My sister, Teri, was the eldest of six kids. She was popular, pretty, and had long, black hair that she used to iron on an ironing board to straighten, or sometimes she wrapped it around orange juice cans atop her head to achieve a perfect wave. She was beautiful, bold, and brave, and gosh, I loved her.

At the age of 17, rebellious and troubled, she hopped in her car and began her journey in search of herself and her place in the world. But after many years of wandering, some failed marriages, and an untreated mental illness, she ended up living in a drafty wooden shack, on a tiny patch of dirt, in an obscure little Texas town.

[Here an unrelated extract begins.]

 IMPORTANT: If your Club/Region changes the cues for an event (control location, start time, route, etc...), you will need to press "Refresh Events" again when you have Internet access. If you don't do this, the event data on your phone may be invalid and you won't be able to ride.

She forever struggled as a recovering alcoholic and was once a homeless panhandler. She was outside of the store begging for money the last time you went shopping; with dirty clothes, tangled hair, and a chipped, grey smile, she humbly asked you for spare change. That was my sister you turned your face from.

Most would judge her as a weak person. I do not.

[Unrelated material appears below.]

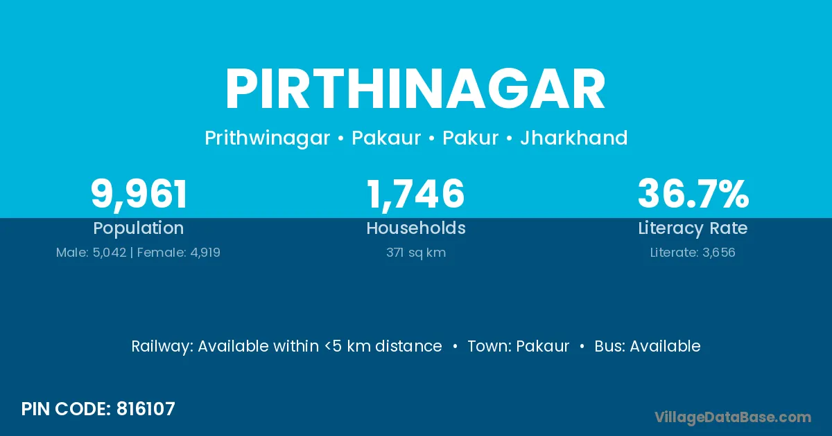 Pakaur is the nearest town to Pirthinagar village for major economic activities

She was one of the strongest people I’ve ever known. Because of many failures and misfortunes, she fell down often. But she would get up again . . . over and over and over. She just kept getting up. Imagine the kind of energy and tenacity that takes.

Teri passed away in 2006 of lung cancer. She was 52 years old and 34 days sober.

We are not all born equally into this world; some arrive with the odds already stacked against them; others are given no survival tools, or are beaten down by cruelty or bad luck.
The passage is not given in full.